Потом ему, конечно сказали, что у него и сердце-то остановиться не успело — так, отделался обмороком от удушья. Но это было неважно: хватало и того, как близко была возможность умереть.
Тони долго смотрел на себя в зеркало и готов был поклясться — что-то изменилось. Глаза стали острее, звонче, прозрачнее. Подбородок особенно ярко очертился на фоне черных синяков на шее. Тень пороховой пылью обуглила черты. Он весь был новый — какой-то взрослый, какой-то сам на себя не похожий, как тень себя, как отражение.

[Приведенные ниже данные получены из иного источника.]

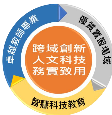
圖 6、臺北市技職教育發展願景

學習之能力，俾以適應不同產業與行業之興衰及更迭，並能適應智慧化及全球化之高素質就業力。這亦是十二年國教技術型高中課綱所強調之專業素養。此外，除了專業素養外，人文素養也是技職教育人才不可或缺的，惟有兼具專業及人文素養之技職人才，才能符合未來產業之所需。因此，本市技職教育以「培育兼具跨域創新、人文科技、務實致用之技術人才」為願景，藉由生涯輔導與職業試探，讓學生能適才適所，選擇適合自己之科系就讀，透過學校與產業間之合作，打造與業界同步之實習場域，精進教師之專業能力，共同培育現代及未來產業所需之實務人才。
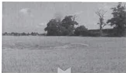
Le bosquet Rosalie et une mouillère un peu au sud, éléments du corridor écologique

Une partie du site devra être maintenue en zone agricole , même en dehors du couloir des lignes Haute-Tension. Une agriculture raisonnée (voire biologique) et intégrée dans des circuits courts (AMAP...) permettra d'intégrer cet usage au fonctionnement global de la commune et d'impliquer les habitants. Il pourrait être planté des vignes ou des vergers.
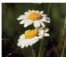
Ivanjščica ( Leucanthemum )
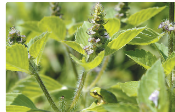
片品のホーリーバジル

自分たちの実体験を通じて、片品村の新鮮でおいしい食べ物を村外の方にも知ってもらいたい！とより強く思い、ふるさと納税の返礼品を増やしたり、ふるさと納税サイトの写真や文章に手を加えたりと試行錯誤をしています。寄附をきっかけに、片品村を知っていただき、興味を持ってもらい、コロナが落ち着いたときに足を運んでいただくきっかけになればと思い日々業務しております。
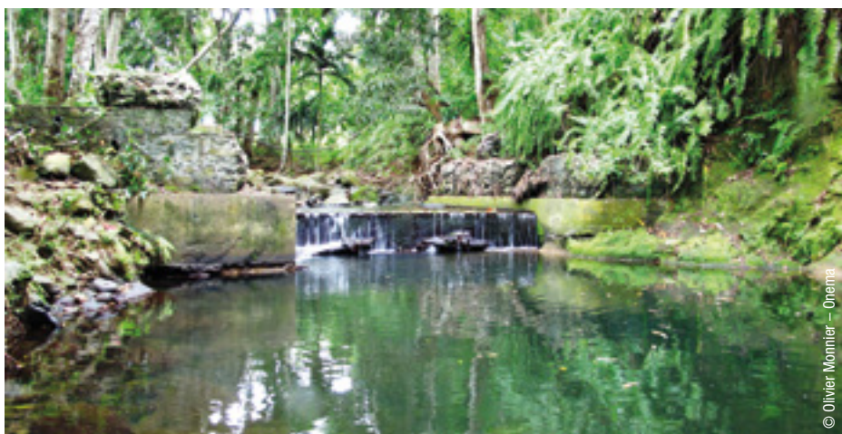
Seuil sur une rivière de Mayotte, une pression sur la continuité écologique.

Enfin, les dégradations de l'état sanitaire des eaux (charge bactérienne, virale ou parasitaire) ne font
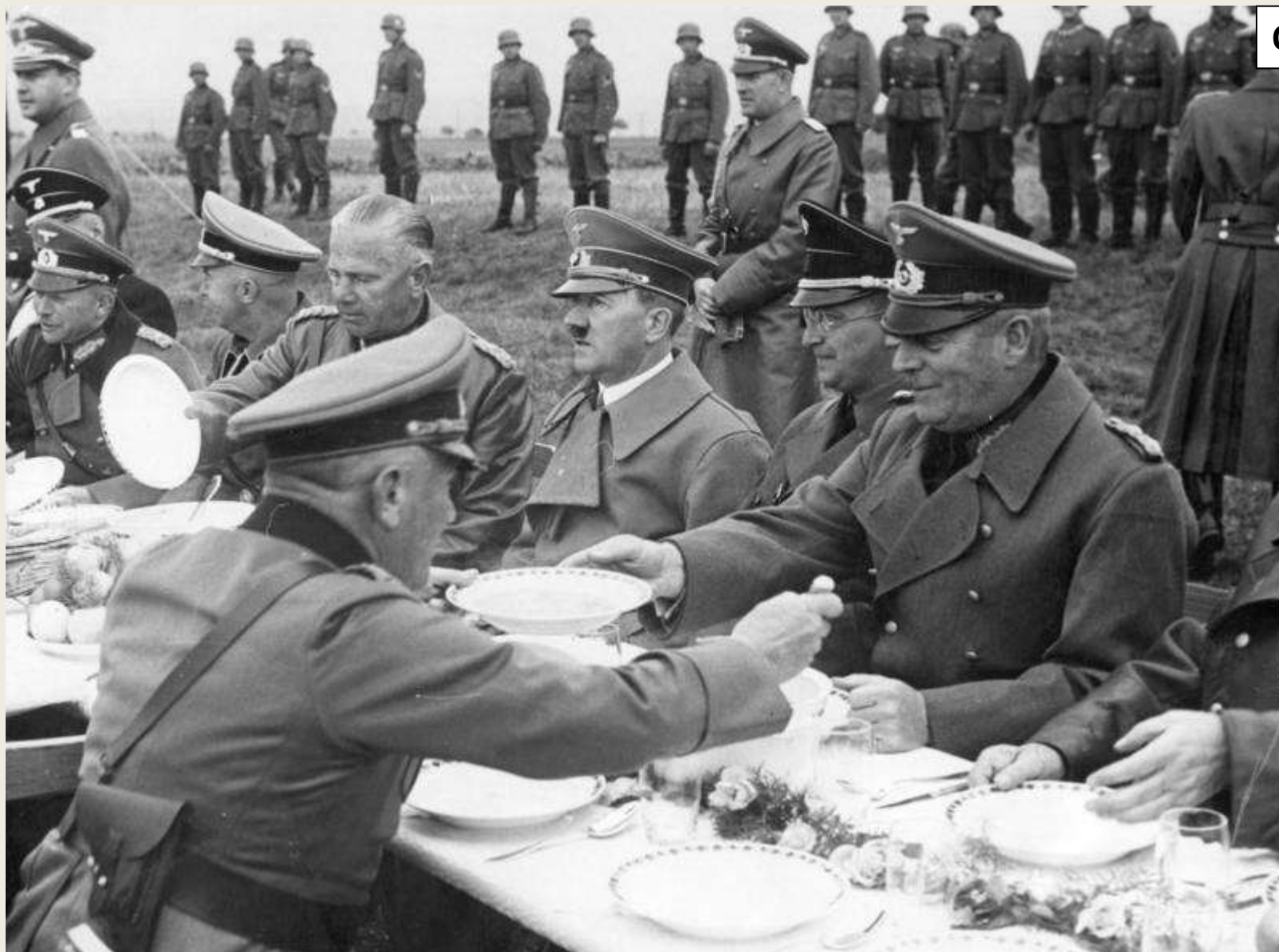
3. 10. 1938 Hitler při návštěvě v Sudetech, v brýlích vedle něj Konrád Henlein
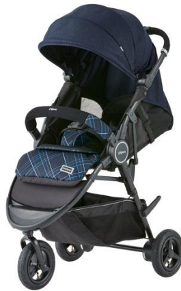
palskip オリビアネイビー
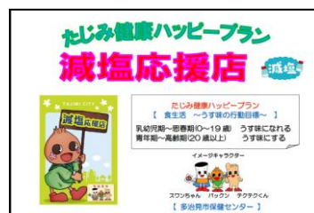
減塩応援店資料表紙

その他、ウォーキング・健康フェスティバルなど様々な地区保健活動の中で、食生活改善推進協議会の協力を得てみそ汁の塩分測定を実施しています。
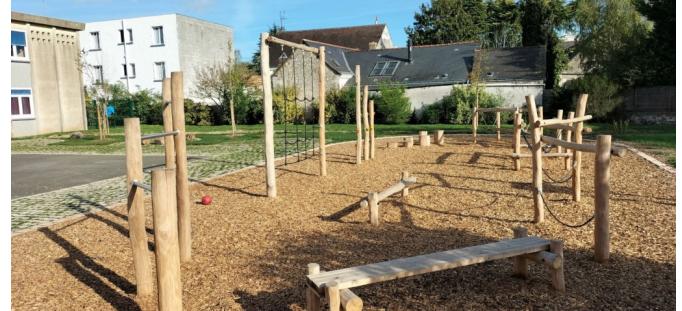
Parcours d'équilibre en bois
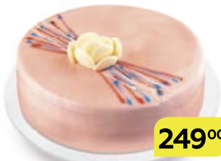
Торт ЗЕРКАЛО , бисквитный, 800 г
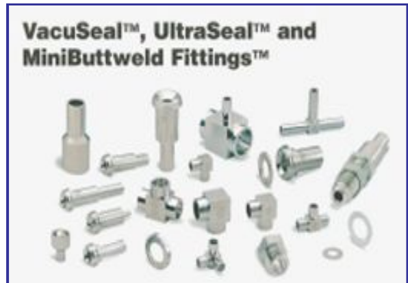
面シール ガasket 継手 (VCR相当)
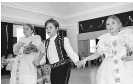
Děti si nacvičily Slováckou besedu.

Fotogalerie na www.rajce.net , uživatel Hulisty, -jal-
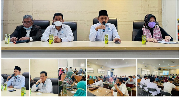
SOSIALISASI | Suasana sosialisasi penyusunan SKP format baru bagi dosen dan tenaga kependidikan di lingkungan FITK.
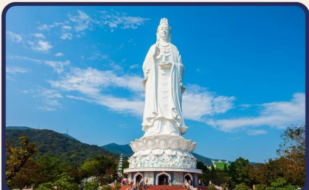
วัดลินห์ฮั่ง (Linh Ung) วัดที่ใหญ่ที่สุดของเมืองดานัง
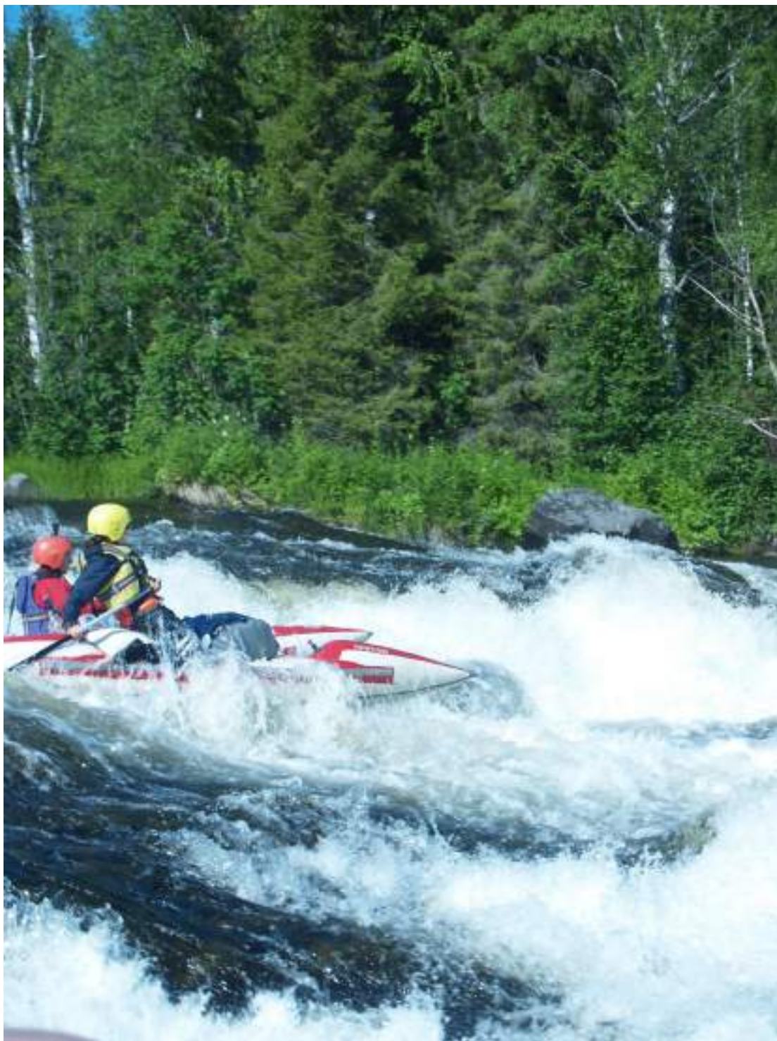
Фото 46. Прохождение порога Водопадный (4 ступень)
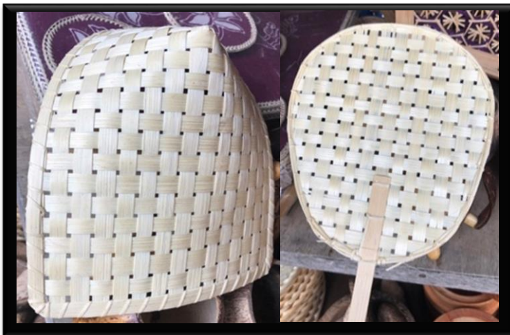
Gambar 2. Tengkor dan Kipas.

diantaranya tengkor dan kipas. Tengkor atau pincuk anyaman bambu merupakan peralatan rumah tangga yang digunakan masyarakat kampung naga untuk alas makanan seperti lotek dan pecel.
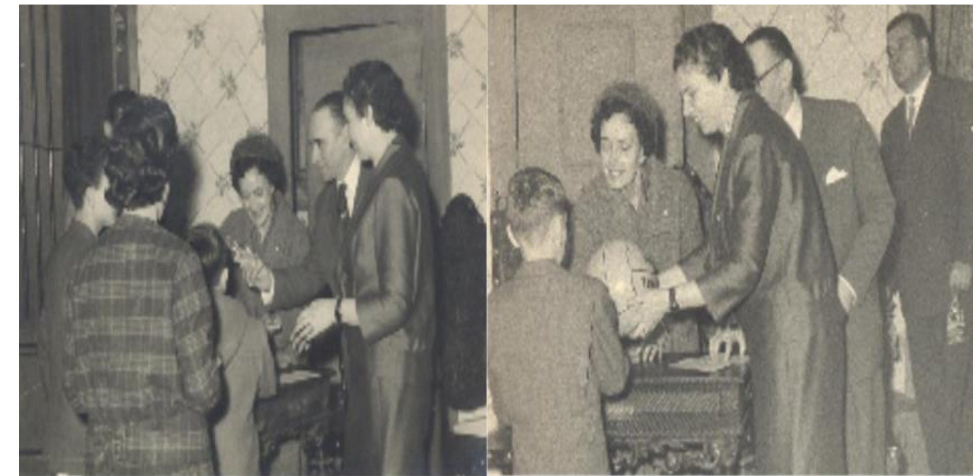
Fotos da entrega de brinquedos aos filhos dos funcionários do BNU – Festa de Natal e Ano Novo de 1958

A crescente procura aumenta a necessidade de dar resposta às solicitações das famílias e passa a ter diversas valências para promover desenvolvimento da criança; despistar eventuais atrasos de desenvolvimento; promover a inclusão de crianças com necessidades especiais na família e na comunidade.
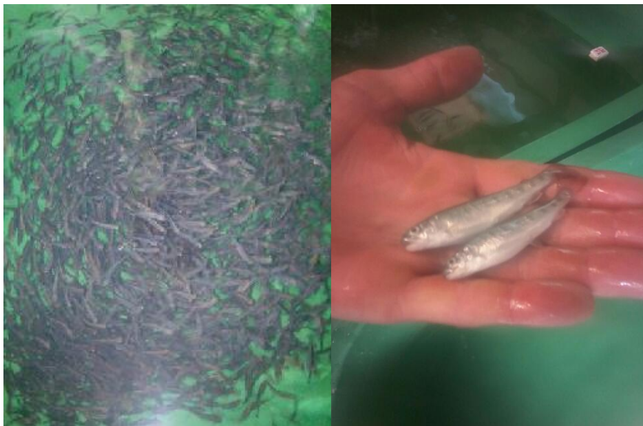
Slika 8: Mladunci stari približno dva mjeseca

Podaci o masi mladunaca unesini su u Excel tablice, te je izračunata prosječna masa jedinki ( \bar{x} ), zatim standardna devijacija (SD), 95% interval pouzdanosti, te maksimalna i minimalna masa jedinke za svaku skupinu. Također izračunata je i specifična stopa rasta za masu (SGRw) za svaku skupinu (1ABC I 2ABC) za četiri mjerenja po formuli:
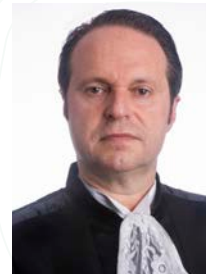
Ministro Joel Ilan Paciornik
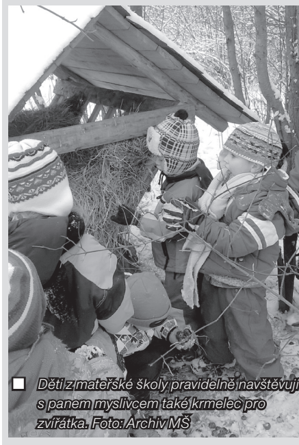
■ Děti z mateřské školy pravidelně navštěvují s panem myslivcem také krmelec pro zvířátka.
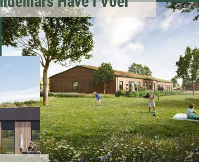
Valdemars Have i Voel
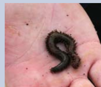
Slikzagerijtjes zijn Arjan's favoriete aas.
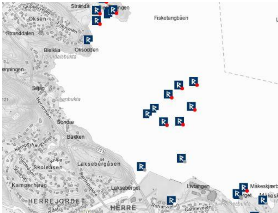
Fig 4. Lokalisering av registrerte båtfunn i planområdet. (utsnitt kulturminnebasen askeladden). Id 298899, 299018, 299389, 299005, 299386, 299393 er registrert som fredede.

Kartleggingen med multibeam og ROV ble gjennomført på en dag. Etterarbeid besto av å konvertere posisjoner og legge disse inn i kulturminnebasen Askeladden. De av funnene som ligger inne i planområdet som var på høring er vist i figur 4.
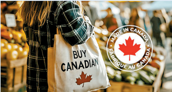
●加拿大政府在網上宣傳購買本地貨。
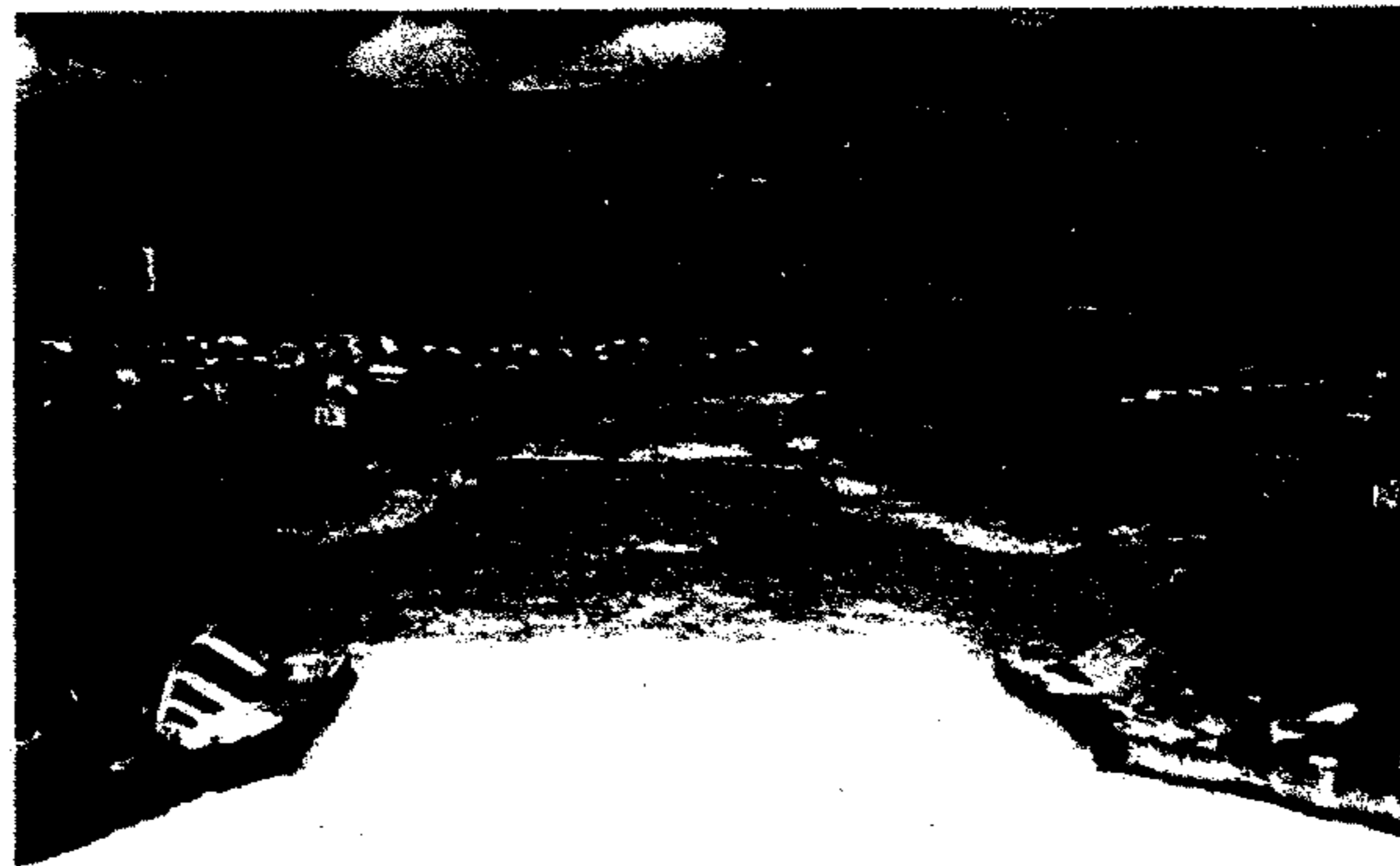
Kuban Nehri üzerinde bir çağlayan (Karaçay)
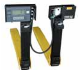
KPZ 76 M Váha na vysokozdvíhací vozíky
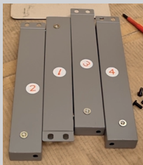
IMAGEN DE LOS RIELES REALES QUE TRAEN LA PARRILLA

C21 Riel del Carro derecho, abajo y adelante. “Riel N°3” esta debe tener perforación en el lado derecho superior para ubicar la puerta y que esta se abra hacia la derecha. (Punto rojo donde debe ir la perforación).
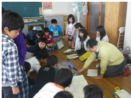
出前講座等による防災教育の推進

地域と一体となった防災拠点の整備や防災教育の拡充など地域防災力の向上にむけた取り組みを行い、流域全体の治水安全度の向上に努めます。
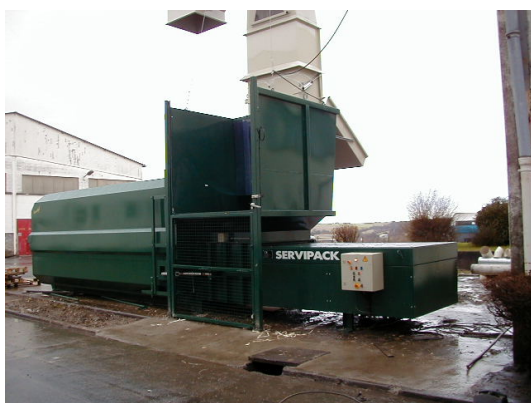
Tremie à double alimentation
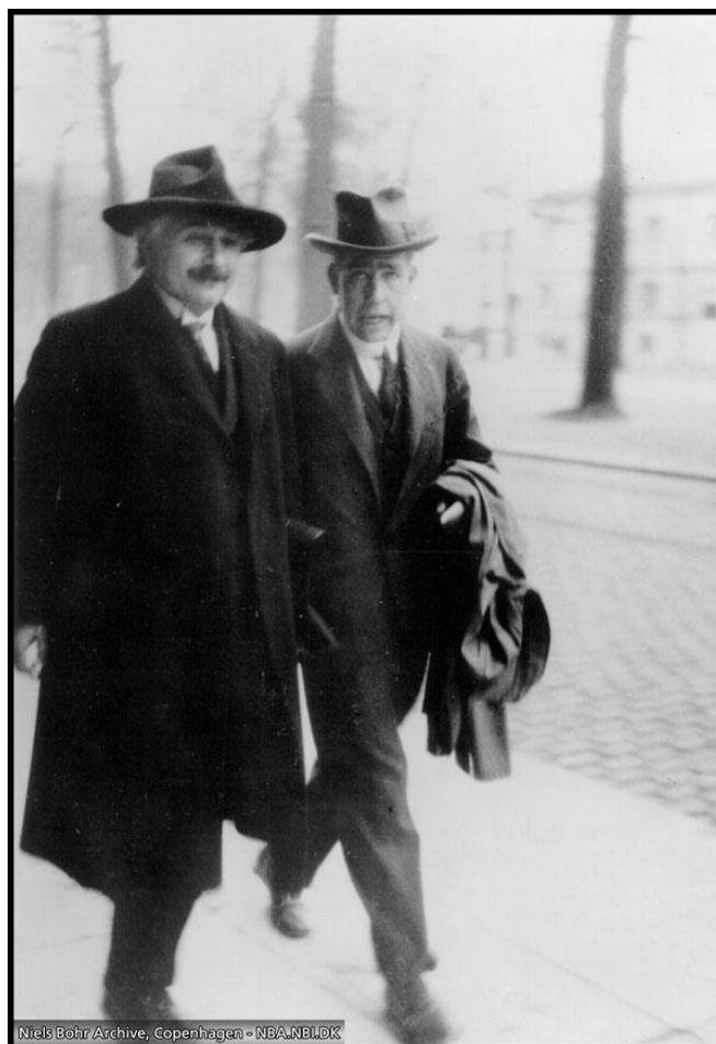
Albert Einstein og Niels Bohr
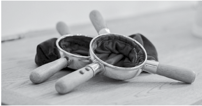
A. Bel, Vlaardingen

Over collecten is veel geschreven in De Saambinder , in artikelen over kerkrecht en over de eredienst. Heel vaak ging het ook om collecten voor een bepaald doel die vriendelijk doch dringend onder de aandacht gebracht werden.
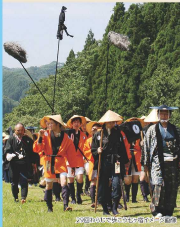
29回わらじで歩こう七ヶ宿イメージ画像
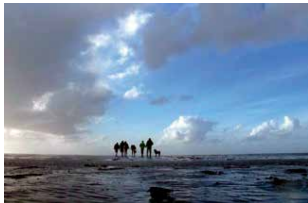
Ryc. 10. „Wycieczki wattów”. Fot. N. Jansen.

obrożne, gęsiówki egipskie, czarnowrony, czaple nadobne czy podgorzałki. Wśród większych z nich dominuje biernikla białolica, której całe stada żerują na łąkach. Obserwuje się kawki, drozdy, drapieżnego krogulca, sowy błotne zakładają tu swoje gniazda. Wattowe wybrzeża to ornitologiczny raj. Wymarzone miejsce dla ptaków wędrownych, zwłaszcza wiosną i późną jesienią. Niektóre z nich wykorzystują ten teren jako przystanek podczas migracji lub schronienie na czas zimowania, dla innych jest to miejsce odpoczynku przed dalszym lotem.
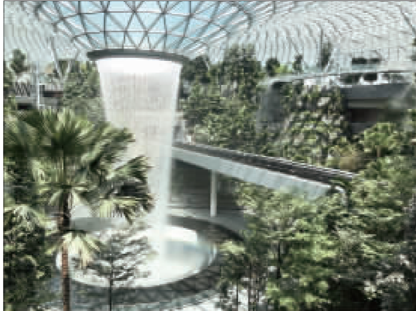
星耀樟宜40公尺高室內瀑布引人注目 「星耀樟宜」4月17日開幕，其中，最引人注目的莫過於從高約40公尺傾瀉而下的室內瀑布。(中央社)

現狀停滯不前，決定因應全球航空業激烈競爭，樟宜機場從2014年底興建「星耀樟宜」(Level 3) 耗資新幣17億元，為樟宜機場注入更多活水頭，提升國際競爭力。 「星耀樟宜」耗資新幣17億元(約新台幣38億元)打造，金額之高令外界咋舌。「星耀樟宜」坐落樟宜機場最核心位置，約有55萬平方公尺，大樓地面與地下各5層樓，兼具現代多功能時尚生活中心。 林信任指出，「星耀樟宜」4
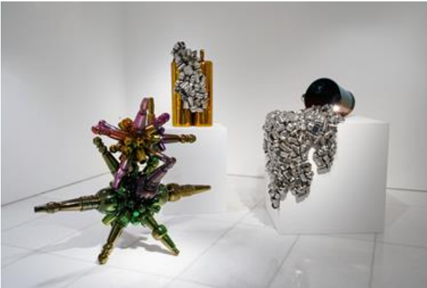
아라리오갤러리 서울 3층 전시전경
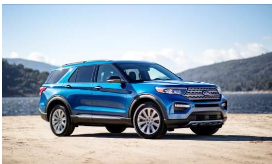
フォードの新型「エクスプローラーハイブリッド」

当社は、今後もリチウムイオン電池パックや電池モジュールなど、電池製品の強化を通じて、カーメーカーにおける電動車両の普及に寄与するとともに、環境保全にも貢献していきます。
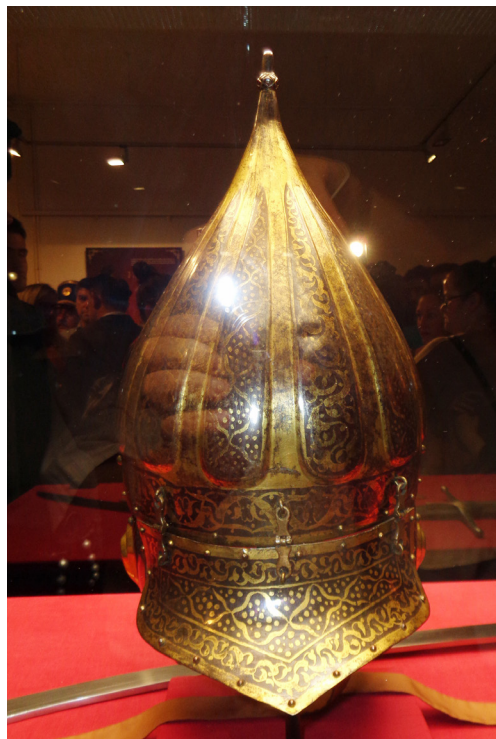
Рис. 7-8. Шишак, що приписують Міклошу Зріні, музей Чаковецького краю. Середина XVI ст.
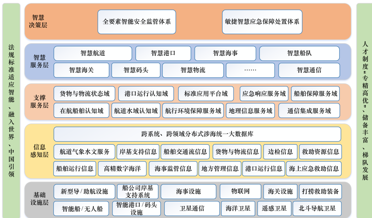
图2 上海市一体化航运安全保障智慧化管控“五层两面”架构
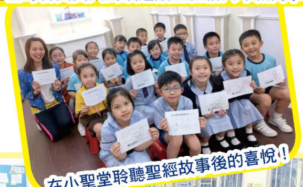
在小聖堂聆聽聖經故事後的喜悅！

И тяжело было вспомнить, как быть собой и как вообще — быть. Уже подумалось, что делать этого больше не придется. Мир был ошалевший, калейдоскопически безумный, бредовый. Над отцом плеснула Темза, мол, сам выплывет — Тони не почувствовал ничего кроме шероховатого смешка, самовольно выпрыгнувшего из глотки. Открыли свежую бочку рома за полупокойника — ром проглотился как вода, но не принес опьянения. Ноги сами привели к каюте Элайджи — и Элайджа повис на его шее, как награда за подвиг.
И показалось даже, что вся эта нереальность начала вибрировать в привычном ритме.
Когда Элайджа врезался в него телом, оказалось, что он тоже был плотным, теплым, осязаемым — не эфемерно-несуществующим, как дым. И тоже загнанно дышал. Подсвечивался пережженным рассветом по контуру. Цеплялся за сорочку, будто ловил руками сахар. И четко ощущалось, что ему стало гораздо, гораздо хуже по сравнению с их последней встречей — к сожалению, Тони знал, как близость беды затачивает любое чувство.
За это тоже хотелось извиниться: надо же, в какое дерьмо они оба вляпались.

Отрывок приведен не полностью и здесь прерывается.